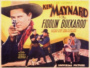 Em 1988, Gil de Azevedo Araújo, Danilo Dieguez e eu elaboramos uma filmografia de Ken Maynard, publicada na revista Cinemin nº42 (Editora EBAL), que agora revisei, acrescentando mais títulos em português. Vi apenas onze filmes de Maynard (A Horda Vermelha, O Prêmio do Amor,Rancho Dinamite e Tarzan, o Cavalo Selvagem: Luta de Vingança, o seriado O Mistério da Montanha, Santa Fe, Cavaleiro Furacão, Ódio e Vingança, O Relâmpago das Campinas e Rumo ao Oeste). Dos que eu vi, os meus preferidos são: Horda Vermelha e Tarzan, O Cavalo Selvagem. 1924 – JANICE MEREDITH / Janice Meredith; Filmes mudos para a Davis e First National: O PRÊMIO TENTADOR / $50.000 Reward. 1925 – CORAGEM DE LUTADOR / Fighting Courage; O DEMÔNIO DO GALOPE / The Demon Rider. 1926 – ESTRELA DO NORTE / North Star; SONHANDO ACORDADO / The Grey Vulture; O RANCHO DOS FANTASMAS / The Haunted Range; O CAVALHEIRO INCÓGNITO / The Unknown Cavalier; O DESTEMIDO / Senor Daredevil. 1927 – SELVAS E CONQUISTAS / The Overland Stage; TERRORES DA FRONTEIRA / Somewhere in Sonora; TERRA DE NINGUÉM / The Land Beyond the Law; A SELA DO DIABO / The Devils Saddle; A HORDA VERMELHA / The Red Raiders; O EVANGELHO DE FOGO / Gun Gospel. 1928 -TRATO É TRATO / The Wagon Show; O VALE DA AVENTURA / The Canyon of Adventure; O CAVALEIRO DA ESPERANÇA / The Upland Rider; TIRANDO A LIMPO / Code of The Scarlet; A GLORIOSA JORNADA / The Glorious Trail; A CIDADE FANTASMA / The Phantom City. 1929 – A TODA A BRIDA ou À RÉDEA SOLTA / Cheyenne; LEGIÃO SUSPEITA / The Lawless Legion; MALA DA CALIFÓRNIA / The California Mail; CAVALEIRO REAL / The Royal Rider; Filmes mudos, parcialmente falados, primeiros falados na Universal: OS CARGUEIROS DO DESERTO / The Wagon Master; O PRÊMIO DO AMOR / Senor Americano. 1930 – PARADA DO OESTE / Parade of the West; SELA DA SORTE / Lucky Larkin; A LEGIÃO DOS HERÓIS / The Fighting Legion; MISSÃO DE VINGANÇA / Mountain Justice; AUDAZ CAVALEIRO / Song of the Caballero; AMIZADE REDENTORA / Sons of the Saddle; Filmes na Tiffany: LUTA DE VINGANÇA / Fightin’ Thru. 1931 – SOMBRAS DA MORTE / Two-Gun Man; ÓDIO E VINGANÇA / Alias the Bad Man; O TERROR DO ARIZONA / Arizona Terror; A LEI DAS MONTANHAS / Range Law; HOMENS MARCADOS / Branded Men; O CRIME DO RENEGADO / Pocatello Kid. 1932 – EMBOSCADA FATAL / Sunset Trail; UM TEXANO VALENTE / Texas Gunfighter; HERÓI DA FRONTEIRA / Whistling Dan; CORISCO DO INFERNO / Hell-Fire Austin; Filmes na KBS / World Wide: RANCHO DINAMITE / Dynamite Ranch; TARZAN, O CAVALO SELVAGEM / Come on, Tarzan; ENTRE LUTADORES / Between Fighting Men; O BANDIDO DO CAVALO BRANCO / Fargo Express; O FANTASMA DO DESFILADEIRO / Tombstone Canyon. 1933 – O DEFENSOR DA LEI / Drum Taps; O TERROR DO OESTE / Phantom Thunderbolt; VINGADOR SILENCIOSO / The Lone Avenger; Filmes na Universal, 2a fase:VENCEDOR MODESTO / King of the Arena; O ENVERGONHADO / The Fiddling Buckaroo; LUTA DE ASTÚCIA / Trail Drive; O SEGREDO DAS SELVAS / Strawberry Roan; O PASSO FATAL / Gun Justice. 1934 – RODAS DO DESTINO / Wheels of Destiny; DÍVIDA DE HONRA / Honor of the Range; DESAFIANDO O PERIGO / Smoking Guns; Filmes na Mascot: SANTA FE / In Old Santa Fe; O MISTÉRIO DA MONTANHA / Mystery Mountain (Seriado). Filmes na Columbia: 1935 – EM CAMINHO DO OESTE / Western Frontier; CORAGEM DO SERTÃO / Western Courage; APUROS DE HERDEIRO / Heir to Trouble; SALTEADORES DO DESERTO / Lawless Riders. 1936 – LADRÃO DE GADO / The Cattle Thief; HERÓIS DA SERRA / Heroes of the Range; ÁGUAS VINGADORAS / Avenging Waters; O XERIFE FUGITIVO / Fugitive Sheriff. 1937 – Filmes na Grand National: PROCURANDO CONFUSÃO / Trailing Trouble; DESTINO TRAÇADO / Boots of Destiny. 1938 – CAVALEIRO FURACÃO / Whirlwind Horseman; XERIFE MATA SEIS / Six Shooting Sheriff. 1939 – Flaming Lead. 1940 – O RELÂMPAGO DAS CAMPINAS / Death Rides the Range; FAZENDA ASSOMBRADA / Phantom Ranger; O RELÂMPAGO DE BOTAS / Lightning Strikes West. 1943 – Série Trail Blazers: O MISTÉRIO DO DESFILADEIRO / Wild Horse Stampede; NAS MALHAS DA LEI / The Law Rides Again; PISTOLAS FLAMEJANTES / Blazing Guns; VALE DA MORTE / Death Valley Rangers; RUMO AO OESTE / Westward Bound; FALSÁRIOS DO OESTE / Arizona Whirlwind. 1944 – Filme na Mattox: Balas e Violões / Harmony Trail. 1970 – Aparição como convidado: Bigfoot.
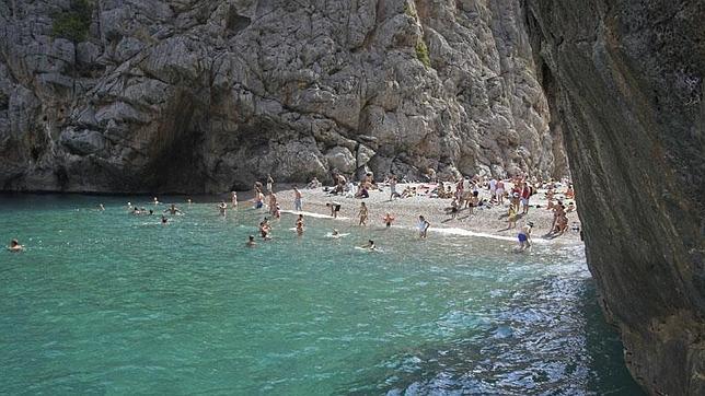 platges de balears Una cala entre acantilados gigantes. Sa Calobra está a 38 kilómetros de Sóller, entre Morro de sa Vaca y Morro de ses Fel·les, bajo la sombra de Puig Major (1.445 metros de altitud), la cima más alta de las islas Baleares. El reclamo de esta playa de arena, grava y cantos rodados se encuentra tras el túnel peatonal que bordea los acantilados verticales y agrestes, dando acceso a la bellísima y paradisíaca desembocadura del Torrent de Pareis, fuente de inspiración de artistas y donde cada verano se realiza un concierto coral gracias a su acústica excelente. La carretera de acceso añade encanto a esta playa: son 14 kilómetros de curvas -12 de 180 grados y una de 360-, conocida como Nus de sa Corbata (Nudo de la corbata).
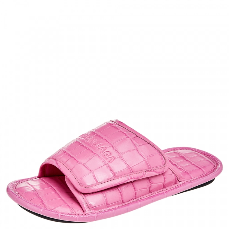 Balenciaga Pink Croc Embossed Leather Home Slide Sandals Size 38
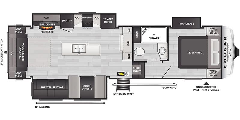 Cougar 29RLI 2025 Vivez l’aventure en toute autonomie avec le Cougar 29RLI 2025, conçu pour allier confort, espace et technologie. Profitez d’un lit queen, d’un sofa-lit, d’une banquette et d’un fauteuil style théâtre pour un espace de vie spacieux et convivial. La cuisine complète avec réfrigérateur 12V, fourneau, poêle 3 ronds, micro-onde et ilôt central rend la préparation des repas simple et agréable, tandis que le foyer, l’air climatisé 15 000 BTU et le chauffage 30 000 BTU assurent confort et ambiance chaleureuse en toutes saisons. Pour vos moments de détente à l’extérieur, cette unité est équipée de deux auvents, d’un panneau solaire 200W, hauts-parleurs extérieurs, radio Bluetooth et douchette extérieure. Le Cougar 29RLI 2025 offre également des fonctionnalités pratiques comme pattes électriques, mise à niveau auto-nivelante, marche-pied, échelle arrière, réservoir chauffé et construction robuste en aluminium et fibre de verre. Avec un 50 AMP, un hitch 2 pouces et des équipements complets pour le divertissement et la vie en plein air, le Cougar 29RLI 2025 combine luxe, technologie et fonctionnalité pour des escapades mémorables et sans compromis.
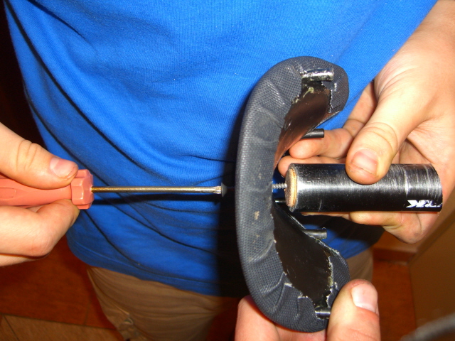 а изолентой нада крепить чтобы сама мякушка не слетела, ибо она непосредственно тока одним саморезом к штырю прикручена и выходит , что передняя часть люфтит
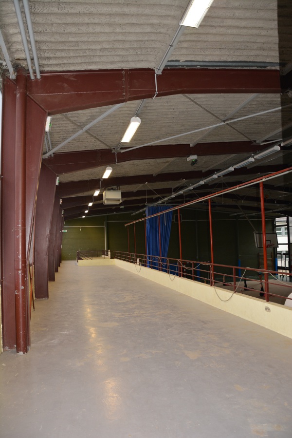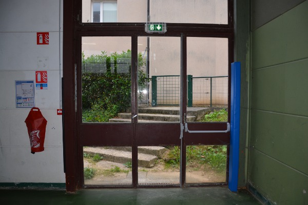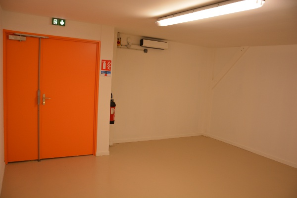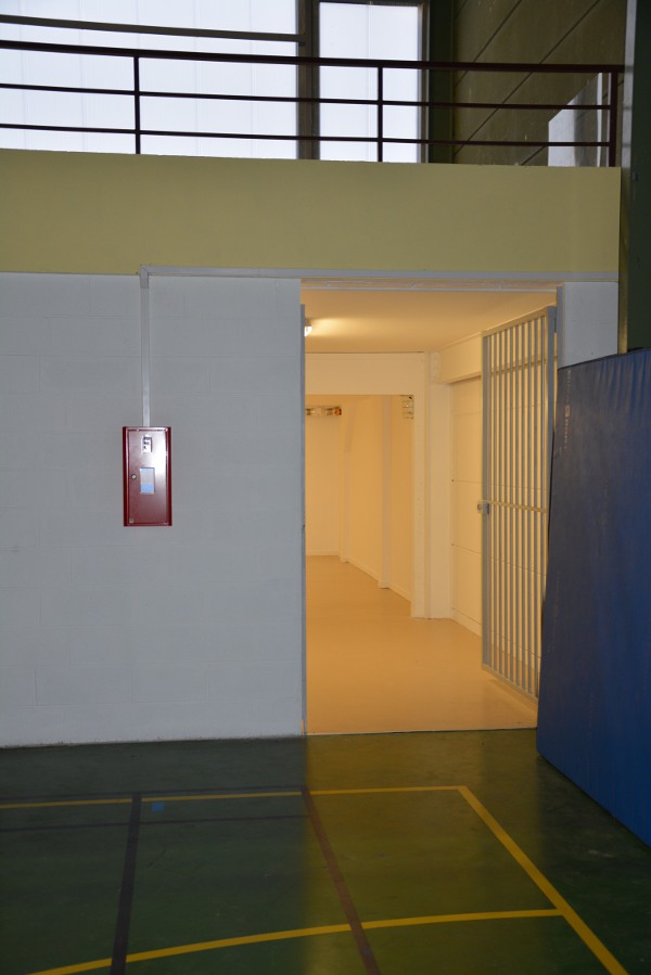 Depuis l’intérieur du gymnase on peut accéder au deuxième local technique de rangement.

○ ○ ○ ○ ○ ○ ○

Goal of the exercise: Nothing but the lines above, starting at the line that contains "Balenciaga Pink Croc" and ending at the line that contains "Cougar 29RLI 2025 Vivez", should be given again, exactly and without the pictures.

Answer box:
 Balenciaga Pink Croc Embossed Leather Home Slide Sandals Size 38
 Cougar 29RLI 2025 Vivez l’aventure en toute autonomie avec le Cougar 29RLI 2025, conçu pour allier confort, espace et technologie. Profitez d’un lit queen, d’un sofa-lit, d’une banquette et d’un fauteuil style théâtre pour un espace de vie spacieux et convivial. La cuisine complète avec réfrigérateur 12V, fourneau, poêle 3 ronds, micro-onde et ilôt central rend la préparation des repas simple et agréable, tandis que le foyer, l’air climatisé 15 000 BTU et le chauffage 30 000 BTU assurent confort et ambiance chaleureuse en toutes saisons. Pour vos moments de détente à l’extérieur, cette unité est équipée de deux auvents, d’un panneau solaire 200W, hauts-parleurs extérieurs, radio Bluetooth et douchette extérieure. Le Cougar 29RLI 2025 offre également des fonctionnalités pratiques comme pattes électriques, mise à niveau auto-nivelante, marche-pied, échelle arrière, réservoir chauffé et construction robuste en aluminium et fibre de verre. Avec un 50 AMP, un hitch 2 pouces et des équipements complets pour le divertissement et la vie en plein air, le Cougar 29RLI 2025 combine luxe, technologie et fonctionnalité pour des escapades mémorables et sans compromis.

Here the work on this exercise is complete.